In the present work, the thermal energy storage phase change materials (PCM) based on paraffin/high density polyethylene (HDPE) composites were prepared by using twin-screw extruder technique. The morphology and properties of the PCM composites based on the flame retardant system with expanded graphite (EG) and ammonium polyphosphate (APP) were characterized by Scanning electron microscope (SEM), Differential scanning calorimeter (DSC), Thermogravimetric analyses (TGA) and Cone calorimeter tests. It was observed from SEM images that paraffin dispersed well in the three-dimensional net structure formed by the HDPE. The SEM images also indicated that the EG and APP were well dispersed in the PCM composites. The DSC measurements indicated that the additives of flame retardant had little effect on the temperatures of phase change peaks and thermal energy storage property. The TGA results showed that the loadings of the EG and APP increased the temperature of the maximum weight loss and the charred residue of the PCM composites at 650°C, contributing to the improved thermal stability properties. It was revealed from the Cone calorimeter tests that the peak of heat release rate (PHRR) decreased significantly.
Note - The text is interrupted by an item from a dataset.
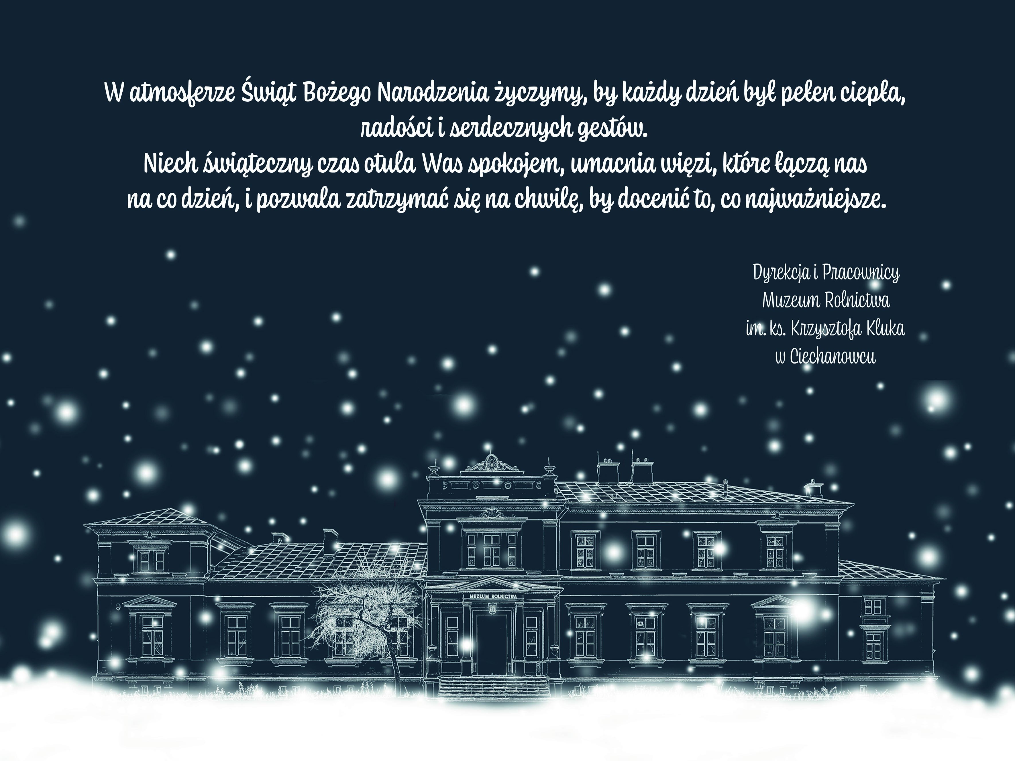 W magicznym czasie Świąt Bożego Narodzenia pragniemy złożyć wszystkim najserdeczniejsze życzenia. Niech te wyjątkowe dni będą wypełnione radością, miłością oraz spokojem, spędzonymi w gronie najbliższych. Z całego serca dziękujemy za wsparcie i zaangażowanie w mijającym roku. To dzięki Wam Muzeum Rolnictwa im. ks. Krzysztofa Kluka w Ciechanowcu może nieustannie rozwijać się i pielęgnować historię oraz tradycję i kulturę ludową. Życzymy zdrowia, ciepła i spełnienia marzeń w nadchodzących dniach oraz pomyślności w Nowym Roku.

To further investigate the synergistic effect between the EG and APP, it was observed from SEM images that the homogeneous and compact charred residue structure after combustion contributed to the enhanced thermal stability, improved flammability and increased self-extinguishing properties of the PCM composites.

Suggested Citation

  • Cai, Yibing & Wei, Qufu & Huang, Fenglin & Lin, Shiliang & Chen, Fang & Gao, Weidong, 2009. "Thermal stability, latent heat and flame retardant properties of the thermal energy storage phase change materials based on paraffin/high density polyethylene composites," Renewable Energy, Elsevier, vol. 34(10), pages 2117-2123.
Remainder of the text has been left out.